Moreover, if the metrics shows only 20% heap usages, I would suggest configuring less `task.heap.size`, leaving more memory to off-heap. The reduced heap size does not necessarily all go to the managed memory. You can also try increasing the `jvm-overhead`, simply to leave more native memory in the container in case there are other other significant native memory usages.

Thank you~
Xintong Song

On Wed, Oct 28, 2020 at 5:53 PM Ori Popowski <[hidden email]> wrote:
Hi Xintong,

See here:

# Top memory users
ps auxwww --sort -rss | head -10
USER PID %CPU %MEM VSZ RSS TTY STAT START TIME COMMAND
yarn 20339 35.8 97.0 128600192 126672256 ? Sl Oct15 5975:47 /etc/alternatives/jre/bin/java -Xmx54760833024 -Xms54760833024 -XX:Max
root 5245 0.1 0.4 5580484 627436 ? Sl Jul30 144:39 /etc/alternatives/jre/bin/java -Xmx1024m -XX:+ExitOnOutOfMemoryError -X
hadoop 5252 0.1 0.4 7376768 604772 ? Sl Jul30 153:22 /etc/alternatives/jre/bin/java -Xmx1024m -XX:+ExitOnOutOfMemoryError -X
yarn 26857 0.3 0.2 4214784 341464 ? Sl Sep17 198:43 /etc/alternatives/jre/bin/java -Dproc_nodemanager -Xmx2048m -XX:OnOutOf
root 5519 0.0 0.2 5658624 269344 ? Sl Jul30 45:21 /usr/bin/java -Xmx1500m -Xms300m -XX:+ExitOnOutOfMemoryError -XX:MinHea
root 1781 0.0 0.0 172644 8096 ? Ss Jul30 2:06 /usr/lib/systemd/systemd-journald
root 4801 0.0 0.0 2690260 4776 ? Ssl Jul30 4:42 /usr/bin/amazon-ssm-agent
root 6566 0.0 0.0 164672 4116 ? R 00:30 0:00 ps auxwww --sort -rss
root 6532 0.0 0.0 183124 3592 ? S 00:30 0:00 /usr/sbin/CROND -n

On Wed, Oct 28, 2020 at 11:34 AM Xintong Song <[hidden email]> wrote:
Hi Ori,

The error message suggests that there's not enough physical memory on the machine to satisfy the allocation. This does not necessarily mean a managed memory leak. Managed memory leak is only one of the possibilities. There are other potential reasons, e.g., another process/container on the machine used more memory than expected, Yarn NM is not configured with enough memory reserved for the system processes, etc.
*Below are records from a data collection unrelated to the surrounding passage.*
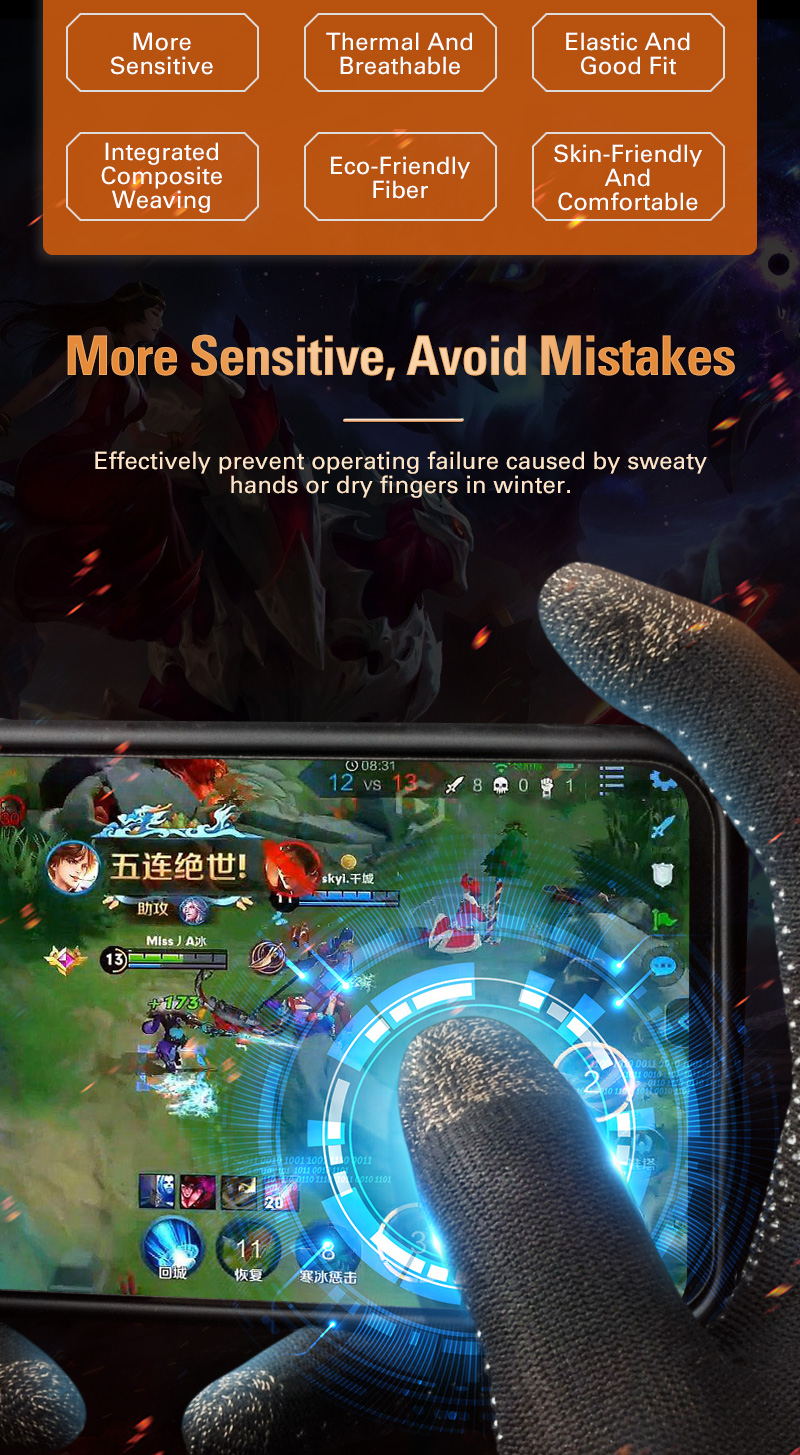 با استفاده از فیبر نقرهای رسانا، این دستکشها به شما امکان میدهند بدون کوچکترین کاهشی در حساسیت، صفحه گوشی را لمس کنید. هر ضربه را با دقت ثبت کنید! - جلوگیری از خطا (Avoid Mistakes):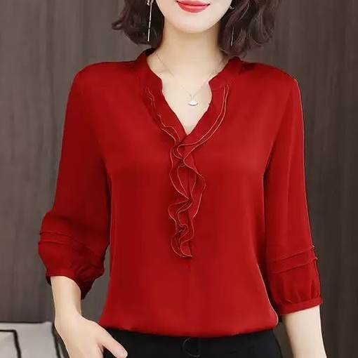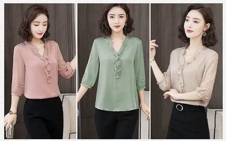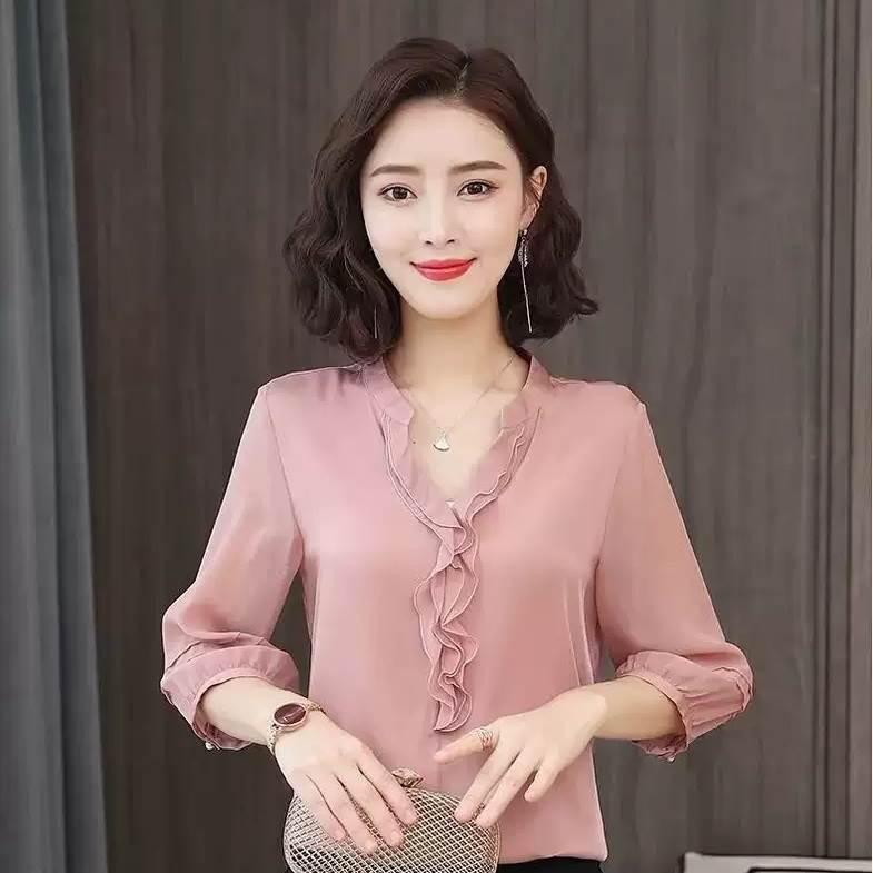 トップス レディース シャツ ブラウス 七分袖 Vネック 襟付き シフォン フリル 大人 可愛い きれいめ 上品 お洒落 個性的 エレガント 主役級 無地 春 夏 秋 ピンク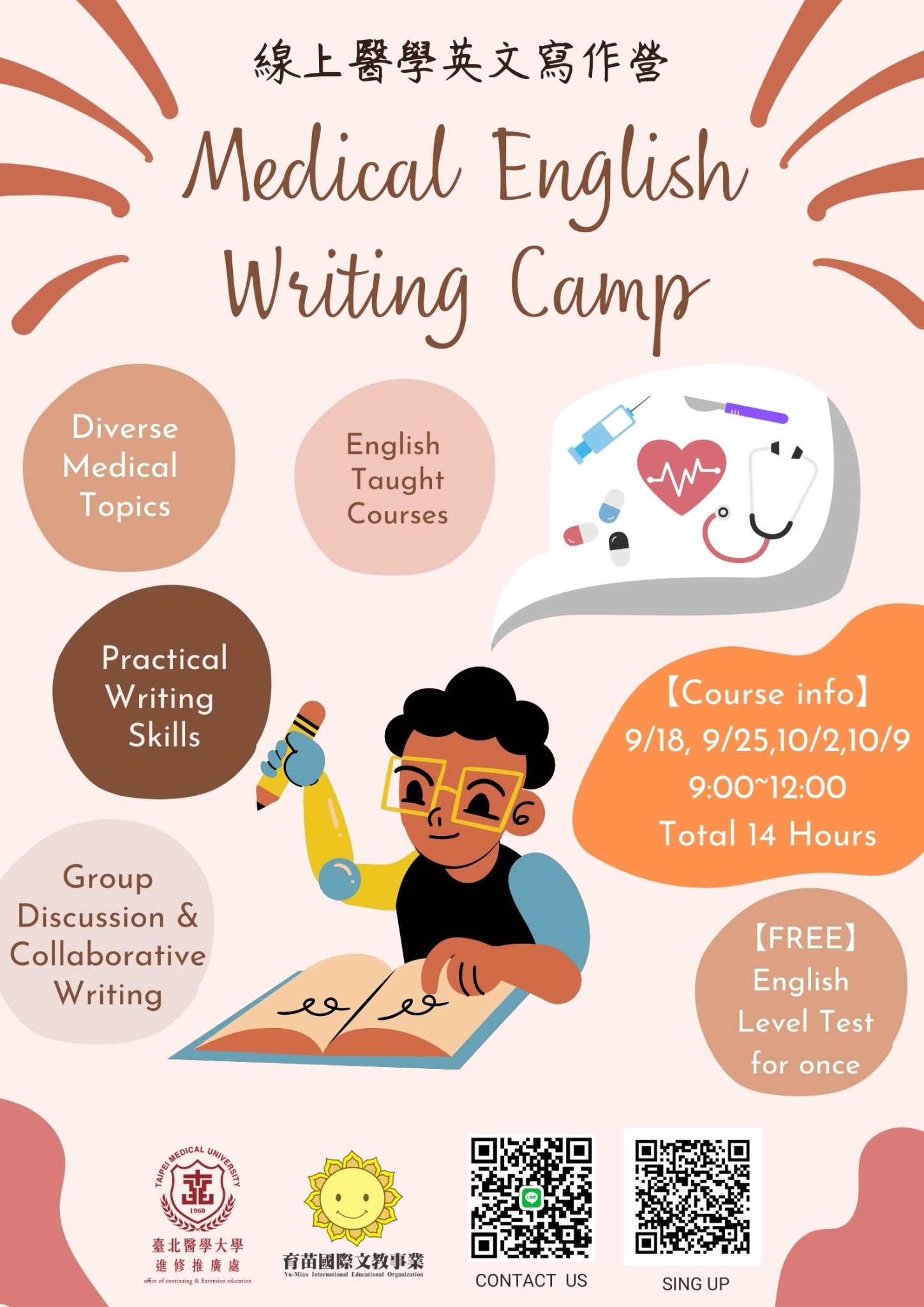 - 為促進學生對醫學領域之認知並有效提升英文實力,臺北醫學大學進推處結合本校專業醫療師資、國際師資及專業英文教育講師資源,採用營隊設計深入淺出的英文醫學寫作課程,以遠距教學擴大學生之國際視野,並以實做練習提升其英文寫作能力。【課程日期】2022/09/18(日)、 9/25(日)、10/2(日)、10/9(日),共計四天14小時。【招募對象】全國高中職學生(含應屆畢業生)對醫學或英文有興趣者。【課程費用】8800元;學校推薦者或於8/31前報名者可減免1,000元。【報名時間】即日起~2022/9/10(六)23:59 止。
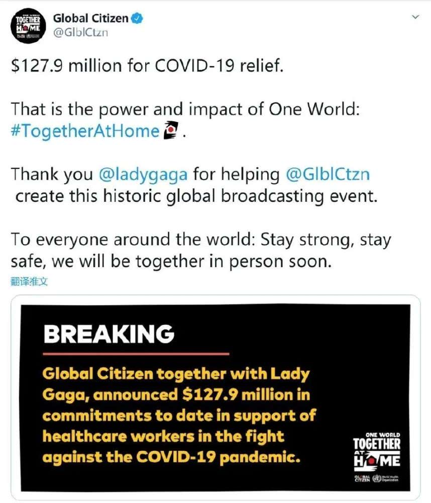 “同一世界:团结在家”演唱会结束后,据Global Citizen官方数据,活动共筹集到1.279亿美元善款,这笔善款将会用来帮助全世界的医护人员对抗疫情。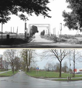 Przejście graniczne z polskiego Orzegowa do niemieckich Szombierek. Jadąc w stronę Szombierek mijamy zachowany do dziś ten drugi budynek (powyżej) dawnego posterunku niemieckiej straży granicznej .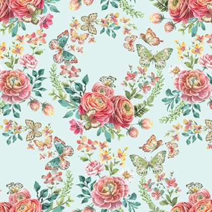 Flourish by Silas M. Studio is a new 11-piece collection. This group features a 24-inch panel with bouquets of flowers, birds perched on branches and floating butterflies. Other patterns include a border stripe, wreaths, tossed birds, flowers, paisley, plaid and scroll textures. This floral collection has a color palette of soft teals, pinks, oranges and greens.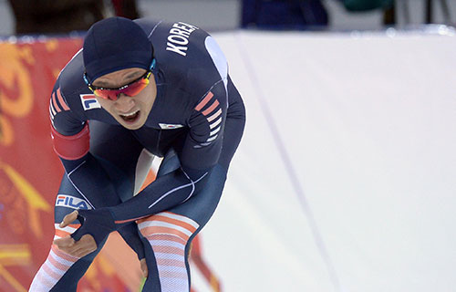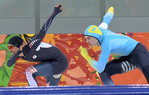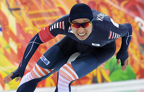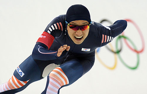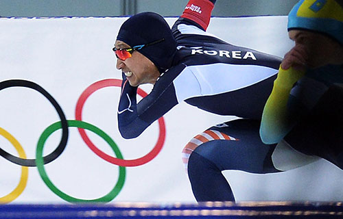 2010년 2월16일 캐나다 리치먼드 올림픽 오벌 빙상장에서 제20회 겨울올림픽 스피드스케이팅 남자 500m 결승에서 이규혁이 역주하고 있다. 이규혁은 강력한 금메달 후보로 꼽혔으나 500m 결승 당일 정빙기 고장으로 경기가 수 차례 지연되면서 컨디션 조절에 실패했다. 연합뉴스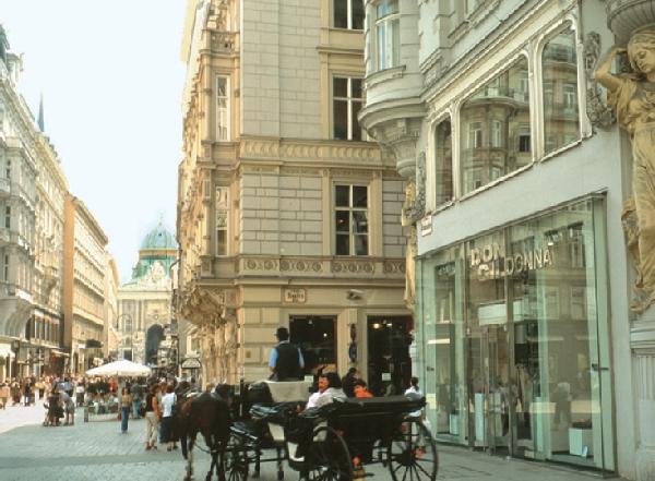 Большая треугольная площадка *Фрайюнга (Freyung) (27)выглядит и сегодня так же, как на знаменитом виде города, запечатленном Каналетто. Примечательны здесь фонтан «Австрия»(1846 г.), украшенный аллегорическими изображениями рек По, Эльбы, Вислы и Дуная, барочный дворец Кински(дом № 4), украшенный великолепным фасадом, и дворец Харраха(дом № 6), построенный в XVII столетии, а также дворец Хардегга(1847 г), что находится рядом с дворцом Ферстеля (см. ниже). На Фрайюнге часто организуются небольшие крестьянские рынки и каждый год – обязательно – пасхальные и рождественские ярмарки.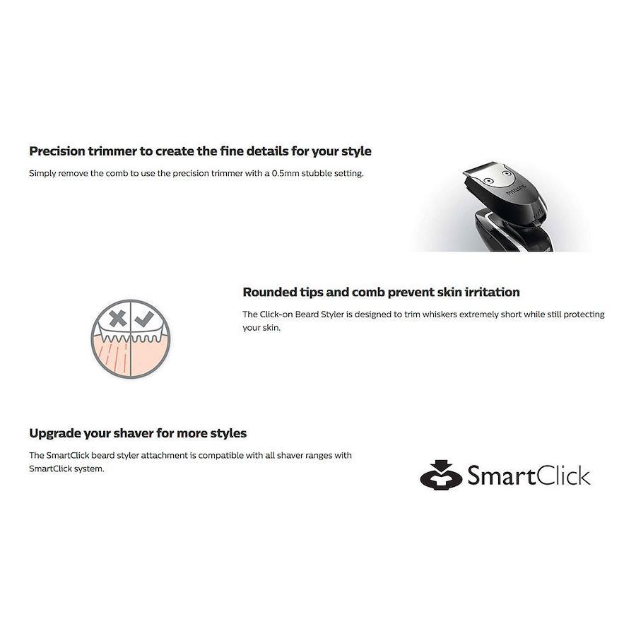 1. ヒゲスタイラーのコームを3mm位に調整し、口ヒゲの長さをそろえる。ボリュームをもたせたいときは、コームをやや長めに調整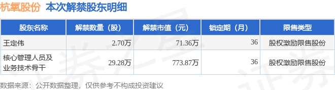 证券之星消息,根据市场公开信息整理,杭氧股份(002430)于12月3日将有31.98万股限售股份解禁,为公司股权激励限售股份,占公司总股本0.03%。(本次数据根据历史公告整理得出,实际情况以上市公司最新公告为准)最近一年内,该股累计解禁588.23万股,占总股本的0.6%。本次解禁后,公司还有35.83万股限售股份,占总股本0.04%。具体如下图所示:
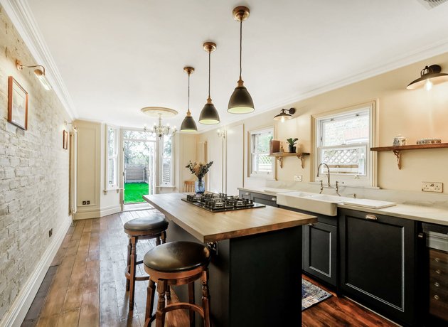 Beneath the main floor, a refurbished cellar adds valuable, versatile space to the home, lending itself perfectly as a home office or gym. Nearby, a charming ground-floor W/C showcases a piece of the home's history as the original Victorian tiles discovered in the cellar have been thoughtfully repurposed as a splashback around the washbasin, and set within a colour scheme that honours their legacy. At the heart of the home lies a truly stunning kitchen/diner. Rich navy cabinetry sits beneath a mix of crisp white quartz and warm oak worktops, framing a traditional butler sink, accompanied by stunning brushed gold fittings. A central island offers additional preparation space and informal dining, while double-glazed sash windows and French doors, all south-facing, flood the space with natural light. Exposed brickwork, original flooring, and high-end integrated appliances complete this show-stopping room, which opens directly onto the landscaped rear garden.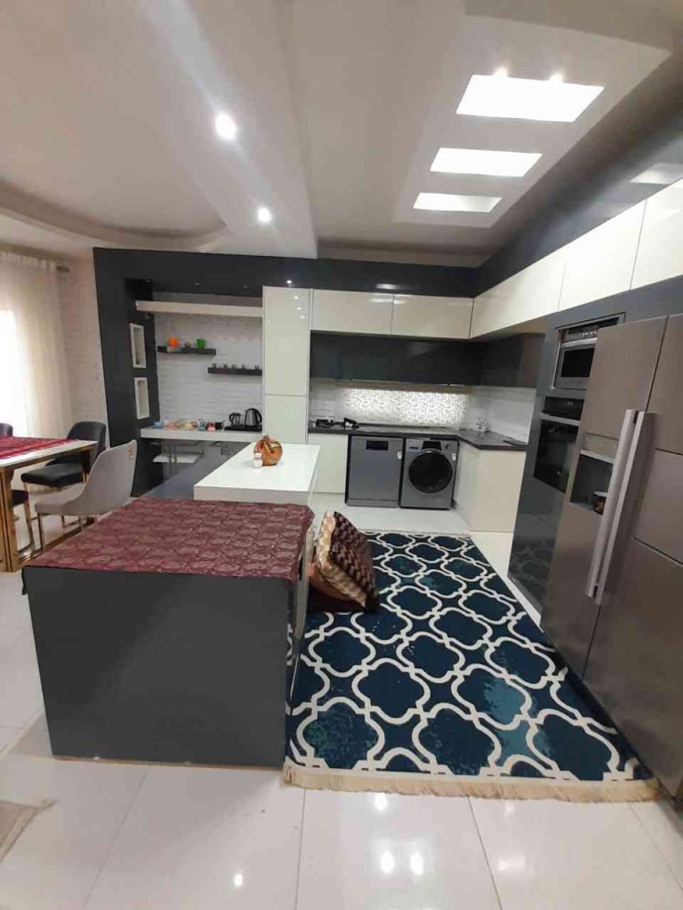 فر برقی و ماکروفر مارک برند، کابینت AGT اصل ترک با مارک، دو عدد لوستر زیبا، پارکینگ اختصاصی دستگاه ذخیره برق پارکینگ و آسانسور، گرمایش شوفاژ، پکیج.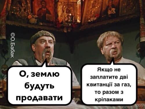 На второй картинке изображены персонажи фильма-сказки "Вечера на хуторе близ Диканьки”, обсуждающие продажу земли. При этом, один из них заметил, что, если не проплатить две платежки за газ, то землю продавать будут вместе с крепостными.
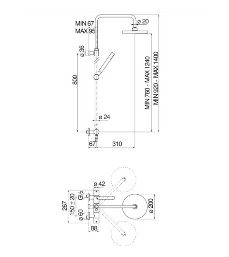 Душевая система Nobili VELIS с термостатом для душа, глянцевый черный (VE125030/50FLP)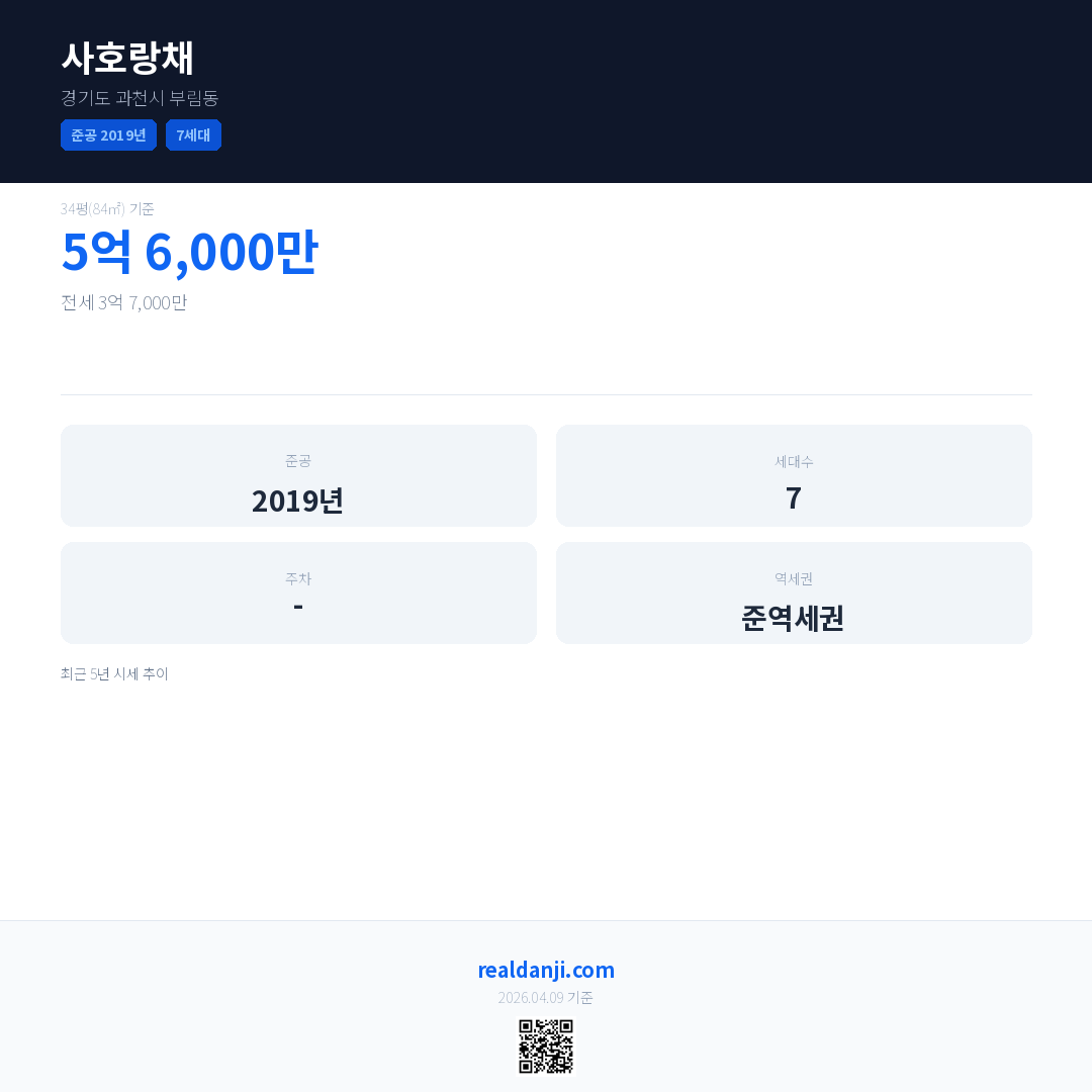 사호랑채은(는) 2019년에 준공되었으며, 현재 7년차입니다. 총 7세대 규모입니다.

I would suggest to first look into the machine memory usages, see whether the Flink process indeed uses more memory than expected. This could be achieved via:
- Run the `top` command
- Look into the `/proc/meminfo` file
- Any container memory usage metrics that are available to your Yarn cluster

Thank you~
Xintong Song

On Tue, Oct 27, 2020 at 6:21 PM Ori Popowski <[hidden email]> wrote:
After the job is running for 10 days in production, TaskManagers start failing with:

Connection unexpectedly closed by remote task manager

Looking in the machine logs, I can see the following error:

============= Java processes for user hadoop =============
OpenJDK 64-Bit Server VM warning: INFO: os::commit_memory(0x00007fb4f4010000, 1006567424, 0) failed; error='Cannot allocate memory' (err
#
# There is insufficient memory for the Java Runtime Environment to continue.
# Native memory allocation (mmap) failed to map 1006567424 bytes for committing reserved memory.
# An error report file with more information is saved as:
# /mnt/tmp/hsperfdata_hadoop/hs_err_pid6585.log
=========== End java processes for user hadoop ===========

In addition, the metrics for the TaskManager show very low Heap memory consumption (20% of Xmx).

Hence, I suspect there is a memory leak in the TaskManager's Managed Memory.

This my TaskManager's memory detail:
flink process 112g
framework.heap.size 0.2g
task.heap.size 50g
managed.size 54g
framework.off-heap.size 0.5g
task.off-heap.size 1g
network 2g
XX:MaxMetaspaceSize 1g

As you can see, the managed memory is 54g, so it's already high (my managed.fraction is set to 0.5).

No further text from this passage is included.